Description (last modified by robe)

This is a very minor feature request.

It would be great to be able to automatically generate the .prj file needed by many shapefile readers during export from postgis.

I also made a note of this issue on the postgis-users list a while back (http://postgis.refractions.net/pipermail/postgis-users/2007-November/017698.html)

An optional flag for pgsql2shp, say -s 4326, would match the specified srid and pull from cooresponding srtext field.

For any custom projections added that did not have a cooresponding srtext field, a warning could be output by pgsql2shp. The user would then be responsible for filling it in if blank, from spatialrefererence.org or other sources.

I understand that the srtext field was likely not intended to be used this way, so there may be better solutions.

This thread notes (http://postgis.refractions.net/pipermail/postgis-users/2004-October/005958.html) that postgis would benefit from a full fledged WKT parser, but in the case of this feature request, I don't imaging that much parsing would need to be involved to output the srtext during export.

Change History (24)

comment:1 by pramsey, 16 years ago

<i>(No comment was entered for this change.)</i>

comment:2 by robe, 15 years ago

Working on this now and have a testing version working, but have not committed it yet. Will commit first draft to trunk probably within the next week.

Slight change — to above — I have the logic currently just outputting the prj based on the SRID of the geometry so no need to prompt for what SRID that I can think of.
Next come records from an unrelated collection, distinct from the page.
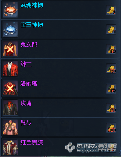 1、飞龙工商可以兑换时装、宝玉神物、武魂神物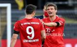 Bayern Munich Thomas Mueller (kanan) dan Robert Lewandowski merayakan setelah pertandingan sepakbola Bundesliga Jerman antara Borussia Dortmund dan FC Bayern Munich di Signal Iduna Park di Dortmund, Jerman, Selasa (26/5). Bayern Munich berhasil meraih point penuh dengan mengalahkan Borussia Dortmund dengan skor 1-0 (FOTO : DPA POOL)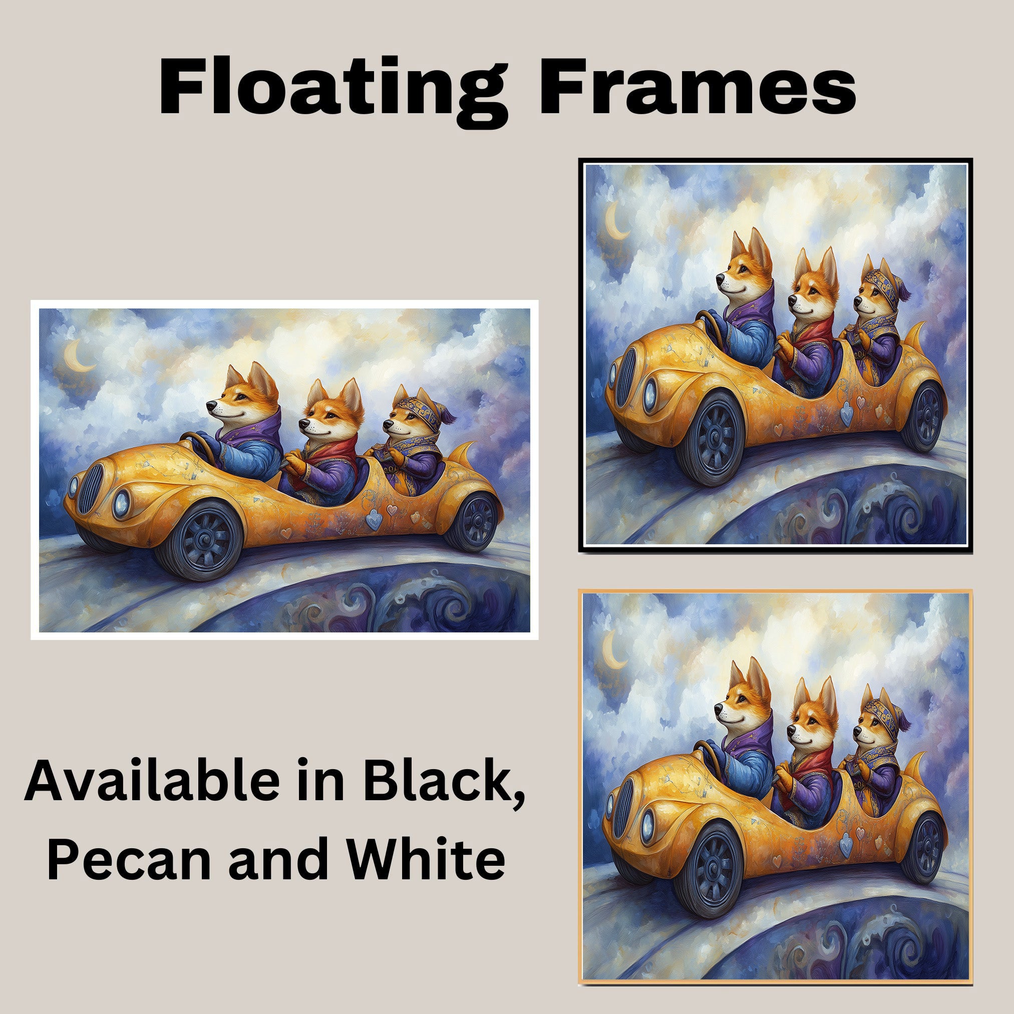 1.5" Thick Floating Framed Canvas: Available in Black, Pecan, and White Grain. Durable shrink-resistant frame. Comes with easy-to-install hanging kits, ready for immediate display.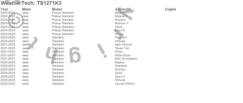 Below is an abbreviated list of applications for the WeatherTech SunShade Full Vehicle Kit.Gladiator, Pickup Gladiator, Jeep, 2026, 2025, 2024, 2023, 2022, 2021, 2020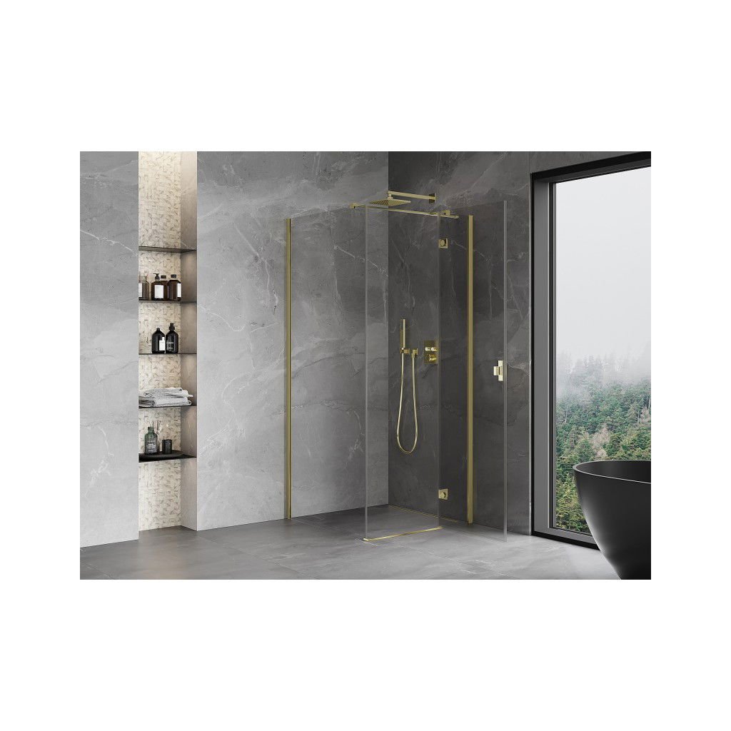 Mexen Mist HT, sprchový kout s výklopnými dveřmi pravý 90 x 90 cm, čiré sklo, zlatá, 8A5T-090-090-50-00-P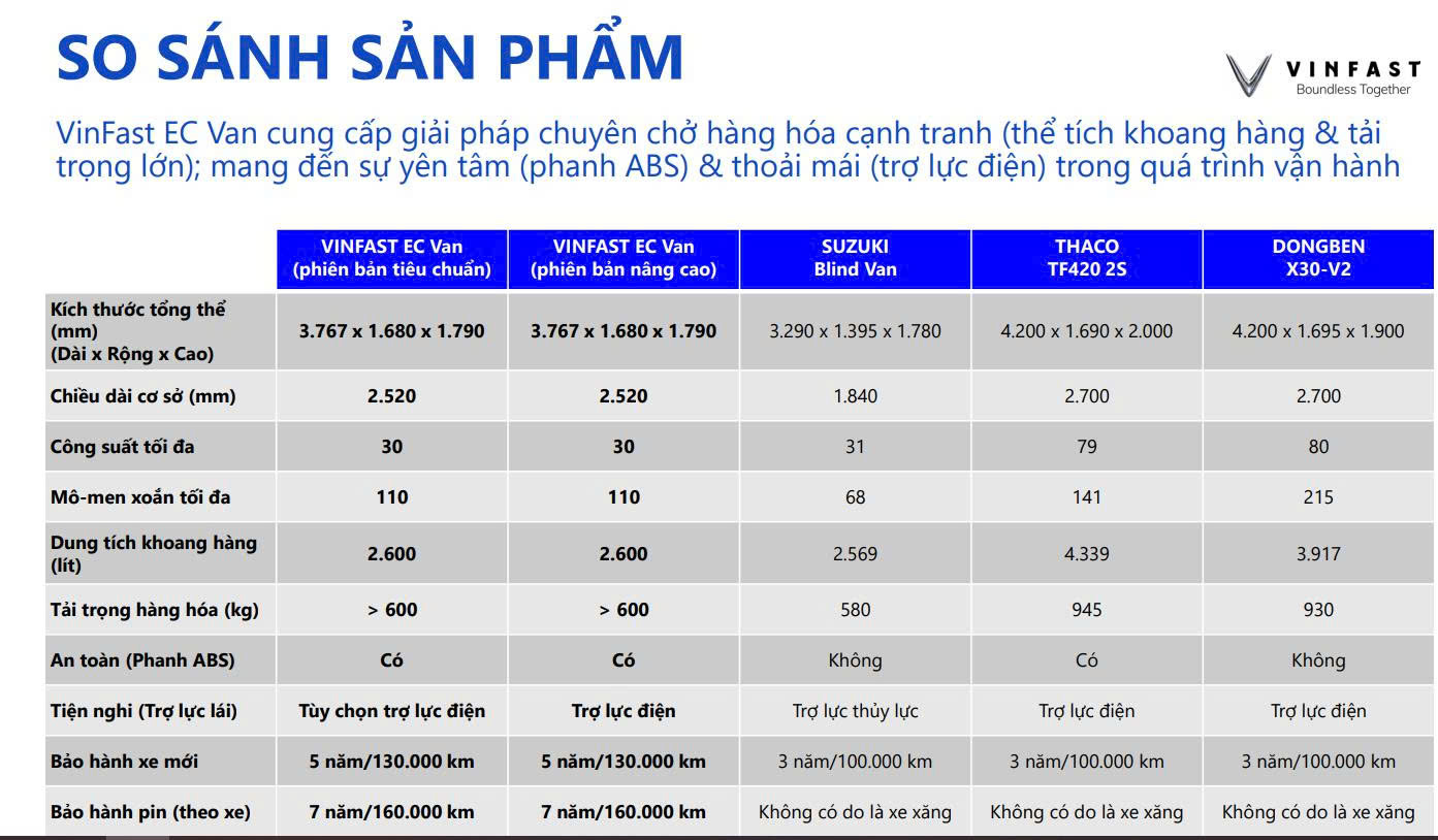 So sánh Vinfast Van EC với những dòng xe cùng phân khúc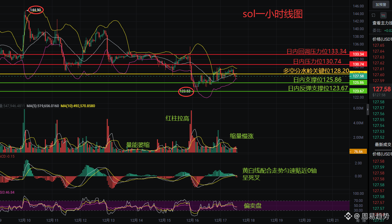 目前价格在127.6附近挣扎,如果连128.20都站不稳,大概率要往下摸125.86,甚至123.67。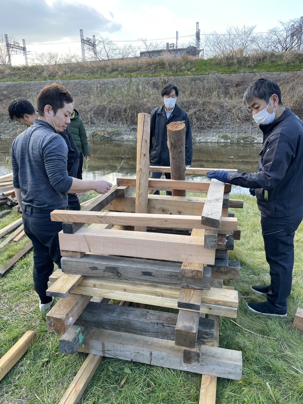 とんどの木組みは、前日にスタッフさん総出で組み上げるそうです!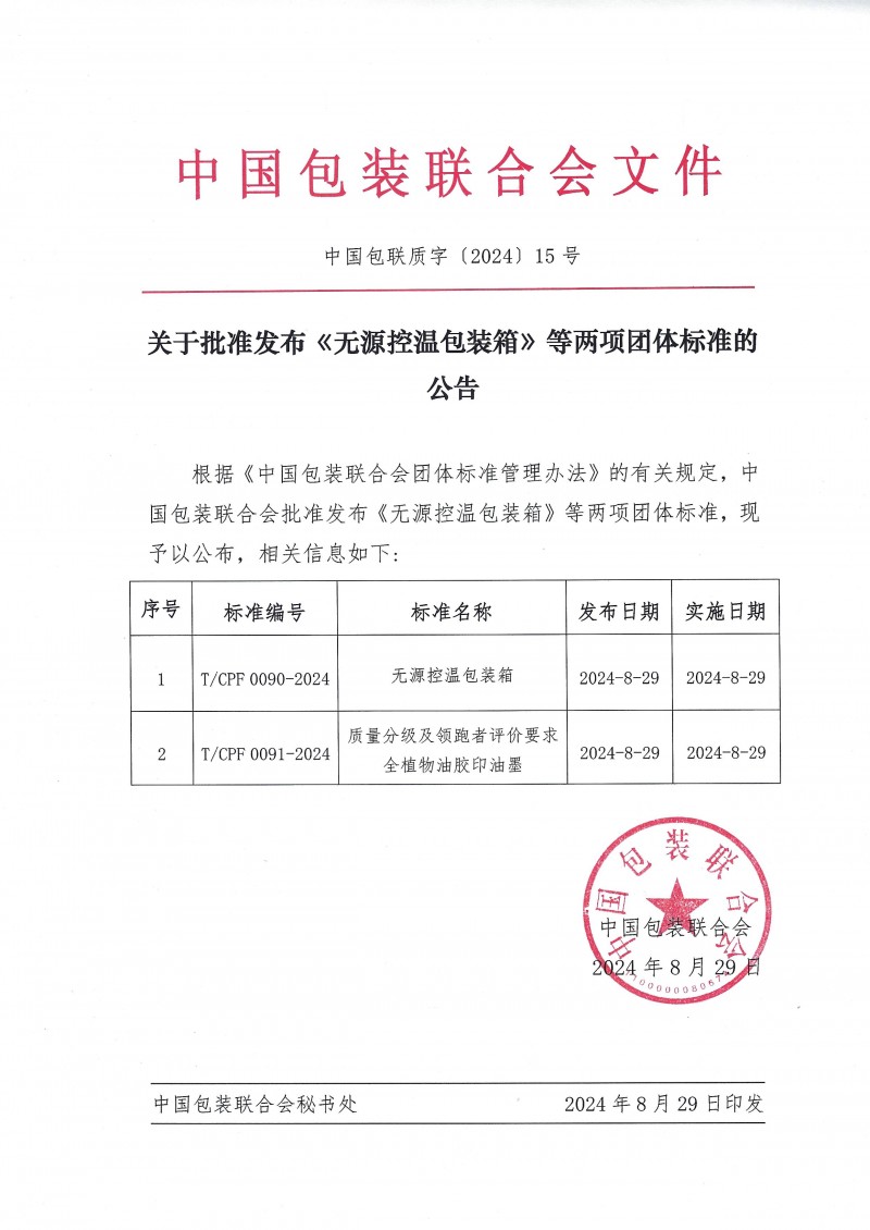 中國包裝聯合會關于批準發布《無源控溫包裝箱》等兩項團體標準的公告(中國包聯質字[2024]15號)
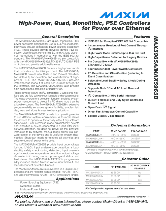 MAX5965B High Power, Quad, IEEE802.3at/af compliant PSE controller for Power-over-Ethernet

I'm debating whether we still need a switch to denote whether to disable .prj output. Right now my logic will output a .prj file by default if a query/table has a well-defined SRID and only one SRID, but I'm thinking there are cases where users may want to manually generate their own .prj file and therefore may not want the system to overwrite that. Suggestions are welcome.

comment:3 by kneufeld, 15 years ago

I think that's a good call. Having a flag to specify the SRID would get confused with optionally wanting to transform the table/query to a new projection on the way out (which actually wouldn't be a bad option to have).

Looking forward to it. — Kevin

comment:4 by dane.springmeyer, 15 years ago

Your plan sounds great Regina. The only reason I thought of the flag option was in keeping with shp2pgsql, but you are right - the idea here is different since the srid should be known.

Great stuff!

comment:5 by mcayland, 15 years ago

My vote is output the .prj automatically (unless the column is NULL, in which case don't output it); then once it is there, the user can alter to taste. Bear in mind that the current behaviour for pgsql2shp is that if there is already a shapefile with the same name in the current directory, it will simply be overwritten - so it makes sense to keep the behaviour the same.

ATB,

Mark.

comment:6 by robe, 15 years ago

Attached is my revised patch. For now I am just outputting proj file if it can be output. I also took some of your recommendations - e.g. I think fixing buffer overflow possibility and Kevin's checking geometry_columns first to save time.

Though I have to admit my SQL you may find unconventional and you may disapprove, but does seem to short-circuit correctly with a 1,000,000 record table set I tried. Check it out.

It was the only way I could think of checking without doing 2 separate database calls which I hated the thought of more. Also I'm not escaping the table and column names — how do you do that in C? What do we do in cases where there are null geometries — I'm just taking the first srid if it has null and one srid. Actually I'm not even sure pgsql2shp handles that correctly now since I think I have had weird row shifts when outputting nulls in the past.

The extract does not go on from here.